De Lacerda et al21 waren die ersten, die In vitro-und In-vivo-Studien eines Patienten mit Ring-Chromosom-15-Syndrom und Monozygotheit für FF1R beschrieben.Das weibliche Kind zeigte pränatales und schweres postnatales Wachstumsversagen, ein leicht dreieckiges Gesicht, einen hohen gewölbten Gaumen, Café-au-lait-Flecken und eine verzögerte psychomotorische Entwicklung., Die Fibroblasten des Patienten zeigten in vitro eine Wachstumsreaktion auf die Zugabe von IGF1, ähnlich der von Kontrollfibroblasten. Im Gegensatz dazu führte die Behandlung des Kindes mit kurzfristigem rekombinantem humanem IGF1 (rhIGF1) zu keiner signifikanten Verringerung der Harnstoffstickstoffausscheidung im Urin, nur zu einer Erhöhung der Calciumausscheidung um 60% und zu keiner signifikanten Abnahme der GH-Sekretion.
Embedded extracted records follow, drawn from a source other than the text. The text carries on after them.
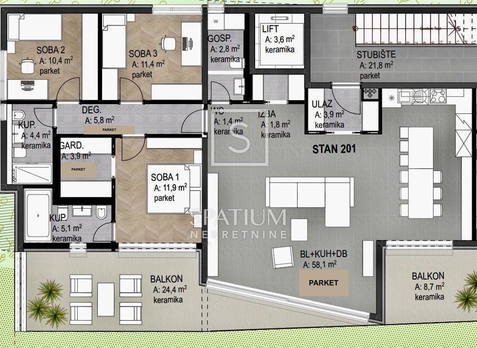 OPATIJA, we offer an extremely spacious apartment on the first floor of an excellent new building with an elevator within walking distance of the first beach and the center of Opatija. The excellent first impression is contributed by the beautiful Chevron parquet that adorns most of the apartment and, combined with natural light, creates a warm, comfortable atmosphere. The central room of 58 square meters is the true definition of an open concept intended for the living room, dining room and kitchen, from which a view of the sea extends thanks to large glass walls that are also characterized by excellent sound insulation. The sea view is not absent from the master bedroom, which has a separate dressing room, balcony access and en-suite bathroom. Two additional bedrooms share a second modernly decorated bathroom, while the guest toilet is next to the utility room. High-quality floor and wall coverings and interior and exterior joinery were used during the furnishing. The property is also characterized by sophisticated details that complete the overall impression. Two balconies offer enough space for a carefree morning coffee or an evening glass of wine in the company of family and friends. The apartment includes two garage parking spaces and a storage room. The advertised purchase price includes VAT, so buyers of this property are exempt from paying real estate tax. Opatija, a beautiful coastal town on the Adriatic Sea and a famous 19th-century health resort, is a popular destination for tourists from all over the world. The city is surrounded by unique natural beauty. It is located below Mount Učka, a favorite destination for hikers and hikers, at the crossroads between the green Istrian region and the coast, creating a perfect balance of landscape. The city offers a beautiful view of the sea and the nearby islands of Krk and Cres. It is surrounded by charming historic towns with narrow streets and rich history. Opatija is adorned with a large number of unusual sights, a large number of beaches, clear sea, and its city streets are dotted with houses of interesting architecture and villas from the Habsburg era. For further information, please contact us with confidence. Goran Božić Licensed agent +385 98 186 5413 goran@spatium.hr Spatium nekretnine +385 51 272 903 info@spatium.hr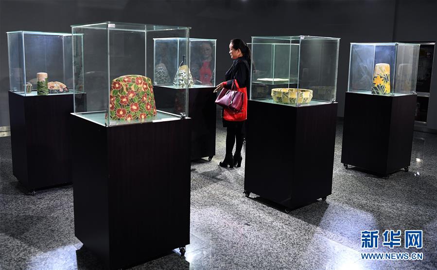 參觀者在江西景德鎮(zhèn)美術(shù)館參觀“笠間燒”日本陶藝家的作品展(2018年10月19日攝)。新華社記者 萬(wàn)象 攝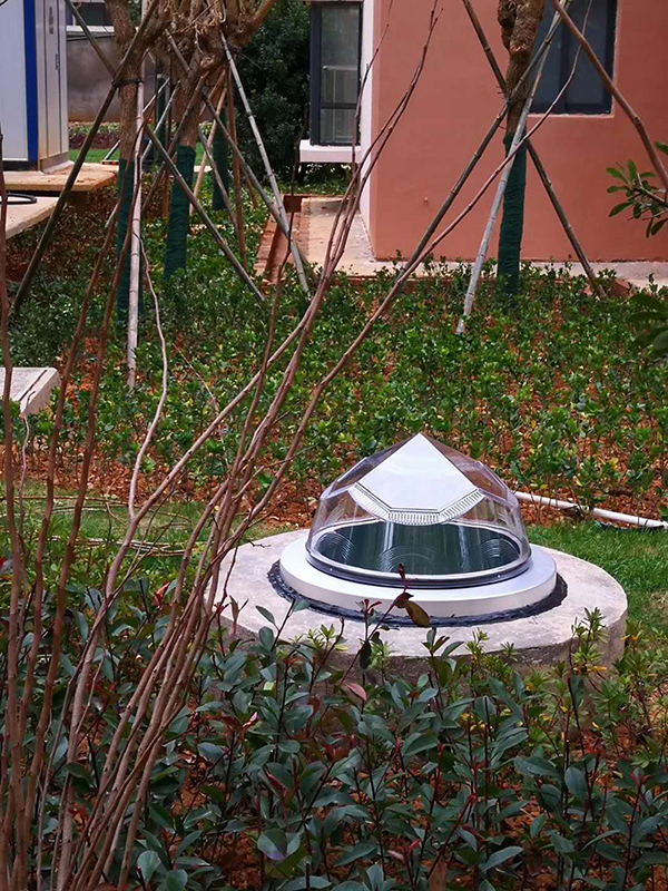 無電照明系統(tǒng)的加入成了小區(qū)景觀的一大亮點(diǎn),鉆石型采光罩與小區(qū)景觀相結(jié)合相得益彰,通過該系統(tǒng)將自然光導(dǎo)入地下停車場(chǎng),直接省去白天的電力消耗,實(shí)現(xiàn)節(jié)能減排與綠色照明!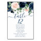 Chic Blooms | Gästebamen der Marine und Blush Tischnummer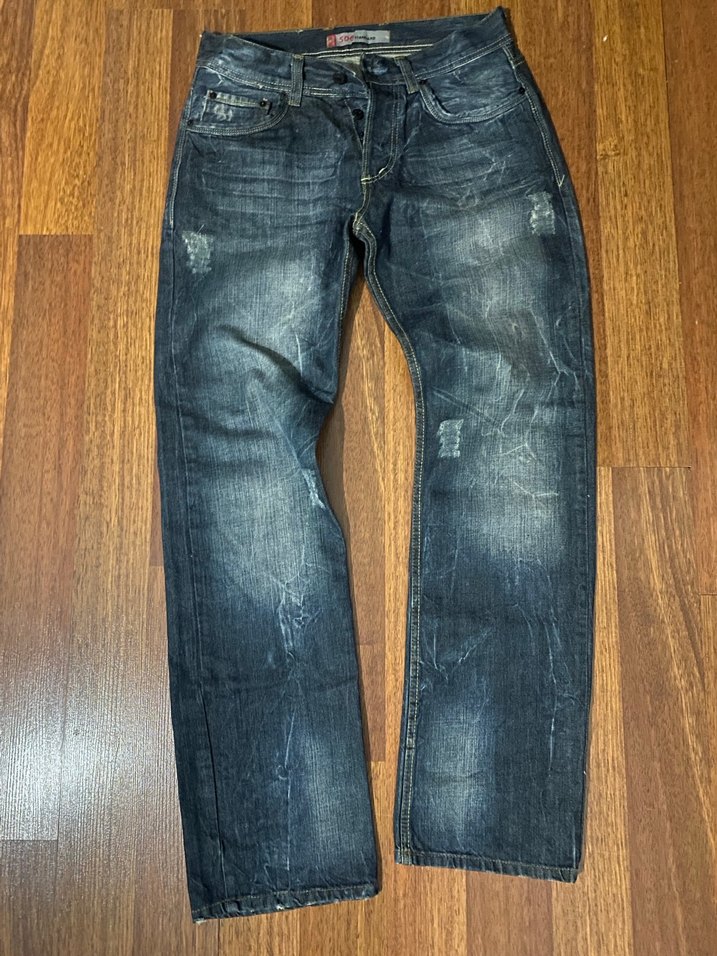 Erkekler için dayanıklı denimden yapılmış, bol kesim ve normal boyda kot pantolon. Günlük sokak stili için uygun, koyu renk ve hafif yıpranmış görünüme sahip.
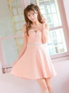 シアーリボンオフショルダーバストカットアウトウエストビジューラインフレアミニドレスのフロント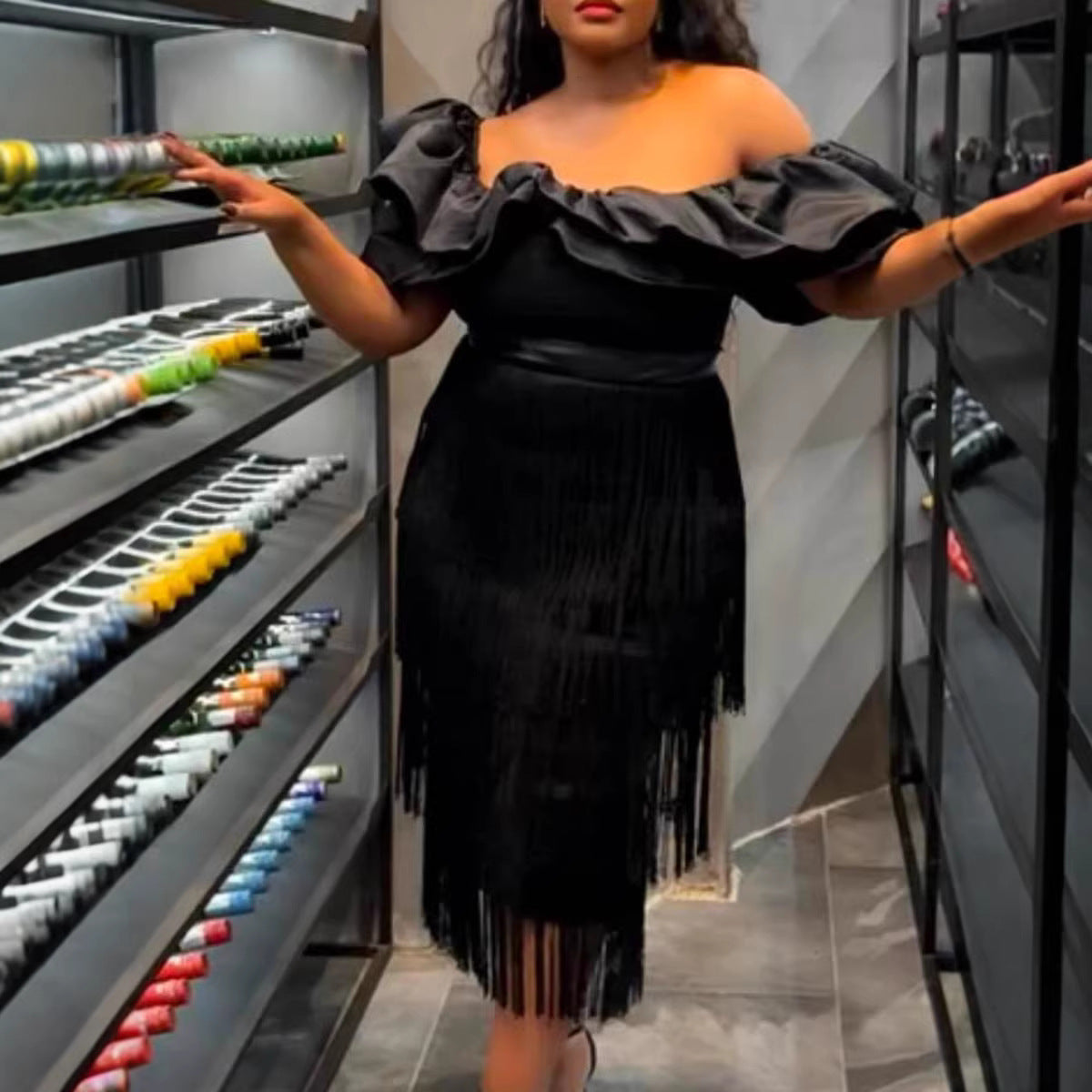 AM030536 Fashion Three-Dimensional Flower Dress Sexy Shoulder Slanted Hundredfolded Dresses HZ0107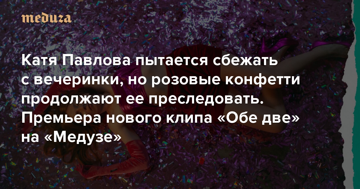 Группа «Обе две» представила сингл «Конфетти» (из нового альбома, который выйдет осенью) — и клип на песню. В видео солистка группы Катя Павлова настойчиво пытается сбежать с вечеринки — но розовые конфетти продолжают ее преследовать. Режиссер видео — Антон Морозов. «Медуза» представляет премьеру клипа с комментариями авторов.

Daher schlugen die Autoren vor, dass die Wachstumsverzögerung das Ergebnis des Fehlens eines IGF1R-Allels aufgrund einer In-vivo-Resistenz gegen IGF1 sein könnte.,
Studien zu den Wirkungen von IGF1R im kardiovaskulären System können diese Annahme stützen. Diese Daten zeigten Hinweise darauf, dass IGF1 ein wesentlicher Regulator des Entwicklungswachstums ist und eine wichtige Rolle bei der kardiovaskulären Entwicklung spielt.22 Eine Vielzahl von Wachstumsfaktoren regulieren IGF1R auf glatten Gefäßmuskelzellen und die Daten unterstützen das Konzept, dass die IGF1R-Anzahl pro Zelle ein wichtiger Faktor für die Zellwachstumsreaktion ist.
Daher wäre die Monozygotie für IGF1R die beste Erklärung für den komplexen Herzfehler bei unserem Patienten., Daher kann neben einer schweren Wachstumsverzögerung auch die Monozygotheit für 1F1R ein Risikofaktor für die Entwicklung komplexer Herzfehler sein.